0,5727774816 1,4785480512,4785572336,4785803200,4785820144,4785887920,4785904864,5514925648,5727774816 2,4785480512,4785572336,4785803200,4785820144,4785887920,4785904864,5514925648,5727774816 3,4785480512,4785572336,4785803200,4785820144,4785887920,4785904864,5514925648,5727774816 4,4785480512,4785572336,4785803200,4785820144,4785887920,4785904864,5514925648,5727774816 5,4785480512,4785572336,4785803200,4785820144,4785887920,4785904864,5514925648,5727774816 6,4785480512,4785572336,4785803200,4785820144,4785887920,4785904864,5514925648,5727774816 7,4785480512,4785572336,4785803200,4785820144,4785887920,4785904864,5514925648,5727774816
Here we see again the one out-of-job allocation and 8 allocations on the job threads. That’s another curious result. Looking at the addresses, we see that they’re all the same! We even see the out-of-job allocated address being allocated by all of the job threads.

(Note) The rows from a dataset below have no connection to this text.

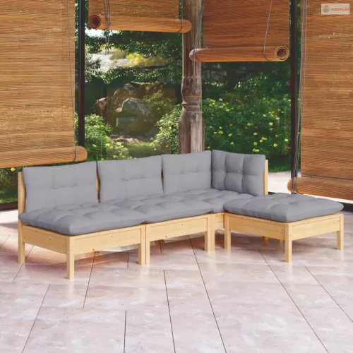 4 részes fenyőfa kerti ülőgarnitúra szürke párnákkal
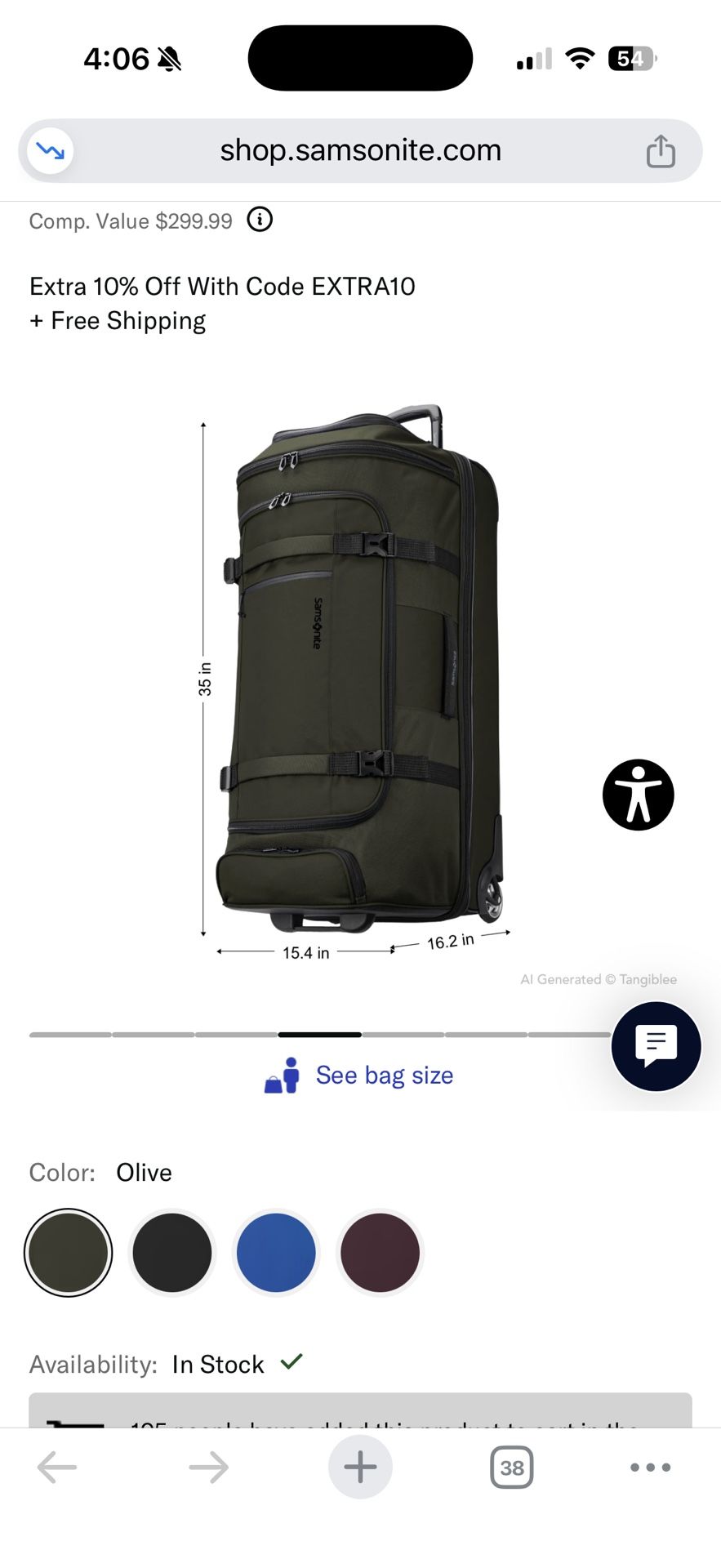 SAMSONITE DETOUR 34" WHEELED DUFFEL used once and has been in storage since.
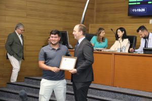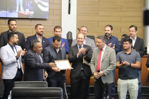 Na ocasião, o prefeito também recebeu Votos de Congratulações da Câmara Municipal, pela passagem do seu aniversário de 43 anos, no último dia 31 de janeiro. A iniciativa partiu de requerimento do presidente do Legislativo. “Manga fez um excelente trabalho na Câmara e, agora, à frente do Executivo. E que continue trabalhando em prol do nosso povo”, complementou o presidente do Legislativo.
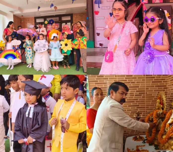 एलकेजी के विद्यार्थियों ने विभिन्न ऋतुओं का जीवंत मंचन किया, जिसमें आकर्षक वेशभूषा और प्रभावी संवाद अदायगी देखने को मिली।
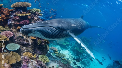 Obraz premium Humpback whale swimming among corals, underwater, marine life concept.
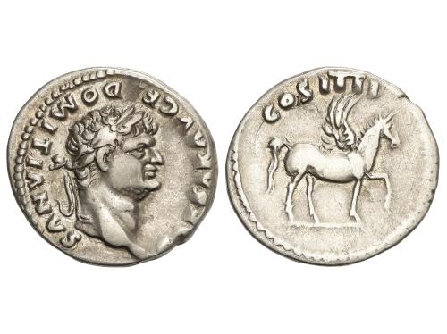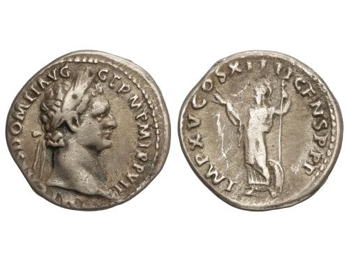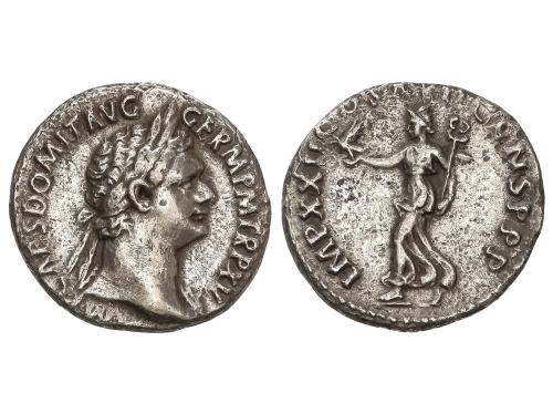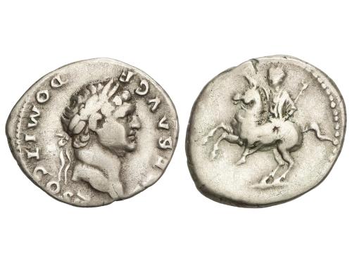 IMPERIO ROMANO. Denario. 96 d.C. DOMICIANO. Anv.: IMP. CAES. DOMIT. AVG GERM. P. M. TR. P. XV. Cabeza laureada a derecha . Rev.: IMP. XXII COS. XVII CENS. P. P. P. Maia avanzando a izquierda con una paloma y un caduceo. 2,90 grs. (Oxidaciones). C-295; RIC-786. MBC.
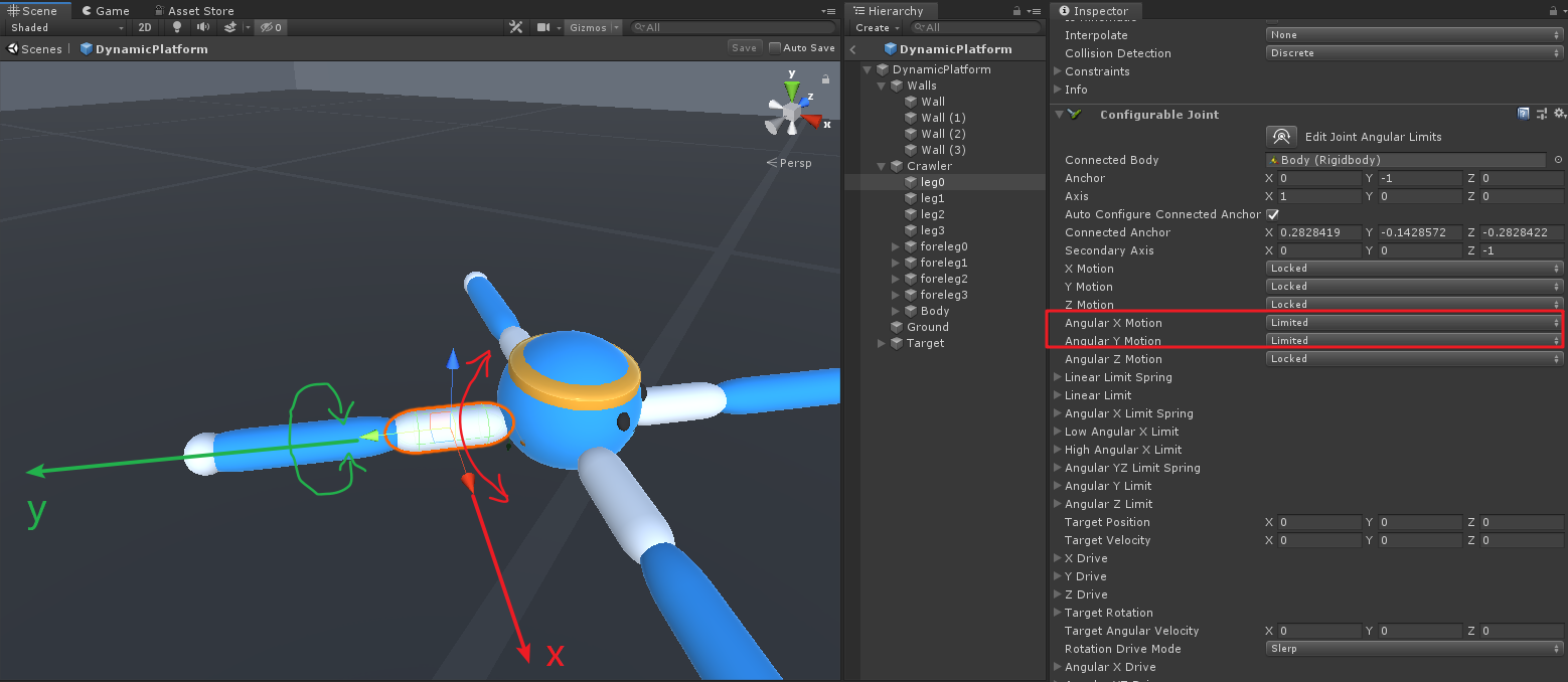可以配置的参数非常多,但其实很多都是基础的参数,各个参数是如何限制该关节的,建议大家自己下去后再去深入研究,我们这里大概可以看一下Crawler的四肢是如何运动的: 首先看前臂:
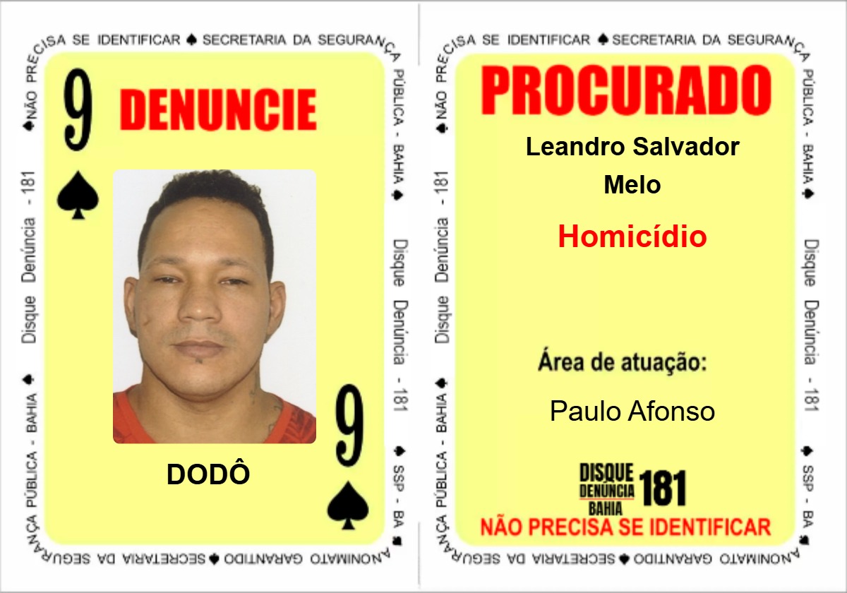 Informações sobre a localização desses foragidos e outros do Baralho do Crime, denuncie de forma anônima, gratuita e segura pelo número 181 (Disque Denúncia). Para registrar denúncia não é necessário informar dados pessoais e o número de telefone não é identificado no sistema.
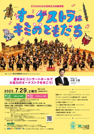 初めてオーケストラの演奏を聴くお子さんから大人の方まで楽しめるよう、東京交響楽団がクラシックの名曲はもちろん、ゲーム「スーパーマリオブラザーズ」、映画「スター・ウォーズ」の音楽など、おなじみの曲を楽しいお話付きで演奏します。
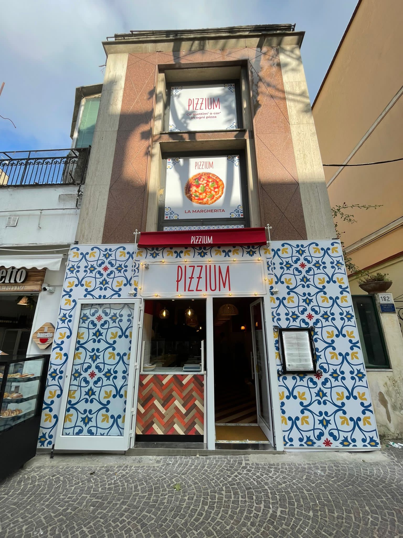 Partiti da Milano, dove attualmente sono ben 7 le pizzerie aperte, domani quindi aprirà la prima pizzeria a Napoli, situata in via Luca Giordano 182, quartiere Vomero. A un giorno dall’apertura siamo felici di mostrarvi le foto del locale, partendo dall’insegna esterna con tanto di tavoli già pronti e arrivando fino alle sale interne, arredate in pieno stile Pizzium ovvero celebrativo verso i gusti e i sapori di tutte le regioni d’Italia.
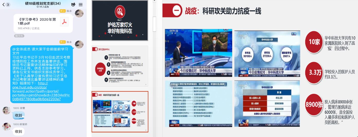 习近平总书记于3月10日赴武汉考察疫情防控工作并发表重要讲话,支部围绕总书记重要讲话精神,线上组织党员认真学习相关文件。同时支部党员肖婷以“护佑万家灯火,幸好有我科在”为主题讲授微党课,从四个方面:科研攻关助力抗疫一线、校领导检查校园疫情防控工作、线上招聘平台为毕业生求职助力、停课不停学云课堂实现云学习等讲述了华科大战“疫”故事。和大家一起梳理挖掘疫情防控过程中华科大涌现出的爱国先进典型感人事迹,让支部党员深刻感悟新时代爱国主义和爱校自豪感。
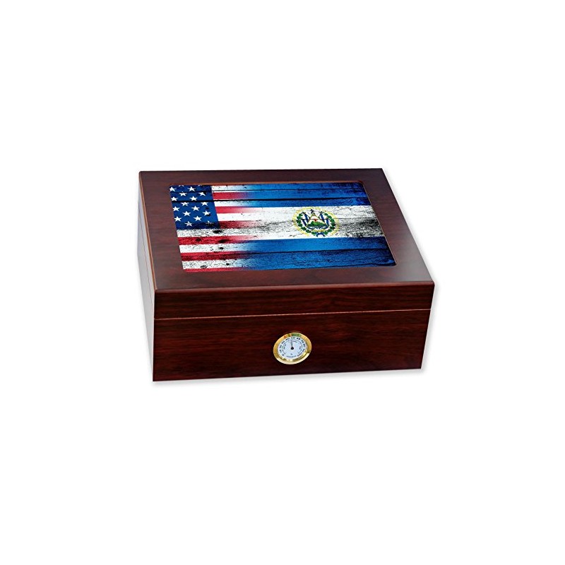 ExpressItBest Premium Desktop Humidor - Glass Top - Flag of El Salvador (Salvadorian) - Wood with USA Flag - Cedar lined with humidifier & front mounted hygrometer.
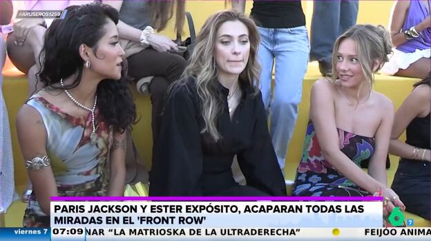 Tatiana Arús enseña en este vídeo cómo Ester Expósito y Paris Jackson estaban sentadas juntas en el desfile de Desigual, sin embargo, mientras la actriz saludaba a amigas como Greta Fernández, la hija de Michael Jackson tenía cara de circunstancias.

This is quite a find! It means that not only is the fixed-size blocks that back the Temp
allocator being shared among jobs on the same thread, but it’s also shared between jobs on multiple job threads and even out-of-job allocations. There isn’t simply one fixed-size block per thread but rather each thread has access to all of the fixed-size blocks.
Now let’s look at the final report: unique allocations across all threads.
4785480512 4785572336 4785803200 4785820144 4785887920 4785904864 5514925648 5727774816
This short list neatly cuts down the duplicates in the last report to reveal that there are just 8 fixed-size blocks. Having run the test many times, the results are always consistent. The number of Temp
allocators’ fixed-size blocks exactly matches the number of hardware threads on the CPU.